-- INPUT MATERIAL follows --
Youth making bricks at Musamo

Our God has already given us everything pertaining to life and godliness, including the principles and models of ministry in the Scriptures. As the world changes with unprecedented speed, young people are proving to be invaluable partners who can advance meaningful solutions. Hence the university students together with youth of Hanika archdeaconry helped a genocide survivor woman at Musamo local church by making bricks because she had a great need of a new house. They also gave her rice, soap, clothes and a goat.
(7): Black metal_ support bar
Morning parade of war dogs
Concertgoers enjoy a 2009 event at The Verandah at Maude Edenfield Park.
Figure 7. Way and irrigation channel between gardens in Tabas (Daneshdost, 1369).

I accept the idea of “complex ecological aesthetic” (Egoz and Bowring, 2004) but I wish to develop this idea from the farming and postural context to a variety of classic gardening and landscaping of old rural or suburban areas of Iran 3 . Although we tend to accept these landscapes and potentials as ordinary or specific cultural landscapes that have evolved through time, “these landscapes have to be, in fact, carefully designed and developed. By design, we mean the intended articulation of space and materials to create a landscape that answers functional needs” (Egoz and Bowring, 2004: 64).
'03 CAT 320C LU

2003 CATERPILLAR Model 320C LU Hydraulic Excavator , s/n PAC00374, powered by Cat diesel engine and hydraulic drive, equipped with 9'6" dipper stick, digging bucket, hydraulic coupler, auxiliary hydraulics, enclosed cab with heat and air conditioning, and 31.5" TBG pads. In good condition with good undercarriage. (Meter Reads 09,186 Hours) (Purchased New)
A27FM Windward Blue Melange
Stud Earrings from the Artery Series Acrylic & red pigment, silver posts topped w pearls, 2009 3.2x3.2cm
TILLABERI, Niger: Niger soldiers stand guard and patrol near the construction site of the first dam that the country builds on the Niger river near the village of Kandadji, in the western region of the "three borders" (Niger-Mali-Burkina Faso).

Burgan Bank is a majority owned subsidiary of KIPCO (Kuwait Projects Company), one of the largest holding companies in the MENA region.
-- INPUT MATERIAL concluded --
-- INPUT MATERIAL follows --
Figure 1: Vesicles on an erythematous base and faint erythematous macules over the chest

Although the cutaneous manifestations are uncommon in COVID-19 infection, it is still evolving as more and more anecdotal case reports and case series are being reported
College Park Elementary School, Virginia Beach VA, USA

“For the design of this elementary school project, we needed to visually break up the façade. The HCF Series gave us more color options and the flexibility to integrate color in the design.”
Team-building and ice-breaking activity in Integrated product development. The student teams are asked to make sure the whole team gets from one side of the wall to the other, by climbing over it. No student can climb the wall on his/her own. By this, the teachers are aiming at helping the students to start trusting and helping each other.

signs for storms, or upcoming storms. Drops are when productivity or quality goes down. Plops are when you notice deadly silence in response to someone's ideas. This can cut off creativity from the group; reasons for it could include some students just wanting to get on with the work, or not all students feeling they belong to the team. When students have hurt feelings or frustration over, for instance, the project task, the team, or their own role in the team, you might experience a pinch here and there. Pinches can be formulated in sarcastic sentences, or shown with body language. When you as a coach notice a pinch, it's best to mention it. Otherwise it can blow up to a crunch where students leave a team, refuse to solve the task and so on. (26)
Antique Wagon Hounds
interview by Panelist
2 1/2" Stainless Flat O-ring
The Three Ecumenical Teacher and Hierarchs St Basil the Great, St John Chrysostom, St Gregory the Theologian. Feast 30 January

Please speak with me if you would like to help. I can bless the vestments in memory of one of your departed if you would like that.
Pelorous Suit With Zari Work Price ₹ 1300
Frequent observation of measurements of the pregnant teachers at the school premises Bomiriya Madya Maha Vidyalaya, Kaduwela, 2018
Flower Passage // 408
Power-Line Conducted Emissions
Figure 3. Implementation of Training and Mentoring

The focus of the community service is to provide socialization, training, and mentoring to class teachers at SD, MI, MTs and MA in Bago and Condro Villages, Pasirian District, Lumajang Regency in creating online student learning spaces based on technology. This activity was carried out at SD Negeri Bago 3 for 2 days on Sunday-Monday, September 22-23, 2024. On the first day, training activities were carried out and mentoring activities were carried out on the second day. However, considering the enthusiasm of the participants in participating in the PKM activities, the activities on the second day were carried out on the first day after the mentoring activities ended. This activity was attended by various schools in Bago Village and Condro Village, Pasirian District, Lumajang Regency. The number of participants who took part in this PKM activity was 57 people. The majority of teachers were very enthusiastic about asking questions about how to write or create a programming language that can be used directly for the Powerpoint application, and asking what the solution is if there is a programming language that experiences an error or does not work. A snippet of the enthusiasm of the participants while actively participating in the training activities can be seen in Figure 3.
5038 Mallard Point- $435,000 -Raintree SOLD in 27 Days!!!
-- INPUT MATERIAL concluded --
-- INPUT MATERIAL follows --
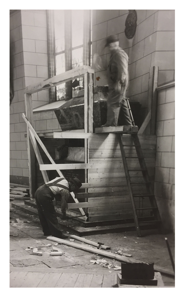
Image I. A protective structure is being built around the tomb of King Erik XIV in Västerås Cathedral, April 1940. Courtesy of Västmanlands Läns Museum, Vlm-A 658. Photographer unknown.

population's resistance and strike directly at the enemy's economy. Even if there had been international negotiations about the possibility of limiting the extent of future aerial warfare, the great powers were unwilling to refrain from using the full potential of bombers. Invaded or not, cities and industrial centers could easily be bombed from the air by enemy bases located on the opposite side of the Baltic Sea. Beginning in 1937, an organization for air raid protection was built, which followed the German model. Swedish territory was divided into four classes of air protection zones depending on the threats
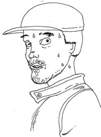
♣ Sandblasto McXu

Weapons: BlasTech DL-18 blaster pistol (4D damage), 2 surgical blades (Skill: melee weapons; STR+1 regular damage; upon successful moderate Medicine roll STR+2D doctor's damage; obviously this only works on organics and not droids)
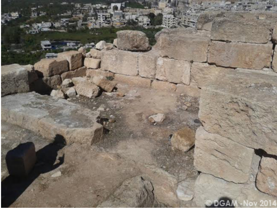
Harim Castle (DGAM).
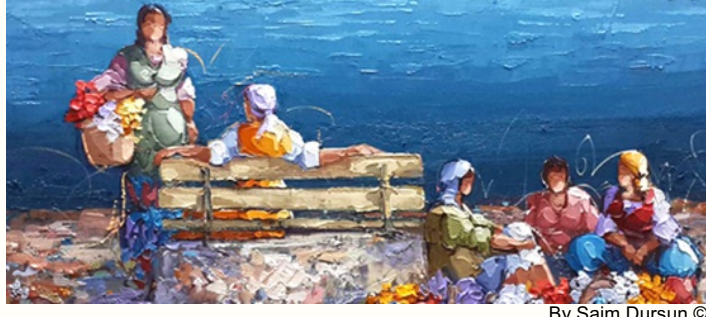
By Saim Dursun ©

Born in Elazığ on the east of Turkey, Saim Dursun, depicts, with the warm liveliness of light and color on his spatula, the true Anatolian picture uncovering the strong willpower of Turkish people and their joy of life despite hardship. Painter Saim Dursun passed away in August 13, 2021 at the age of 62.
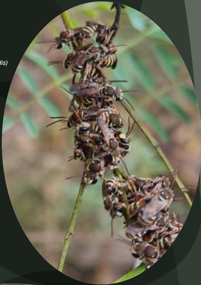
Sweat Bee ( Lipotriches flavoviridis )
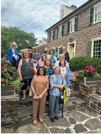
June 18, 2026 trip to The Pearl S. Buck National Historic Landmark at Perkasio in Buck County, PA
-- INPUT MATERIAL concluded --
WHAT TO WORK ON:
Beginning with the line containing "Frequent observation of" in the material above, copy every line exactly until you have copied the line containing "Figure 3. Implementation".

EXERCISE RESPONSE:
Frequent observation of measurements of the pregnant teachers at the school premises Bomiriya Madya Maha Vidyalaya, Kaduwela, 2018
Flower Passage // 408
Power-Line Conducted Emissions
Figure 3. Implementation of Training and Mentoring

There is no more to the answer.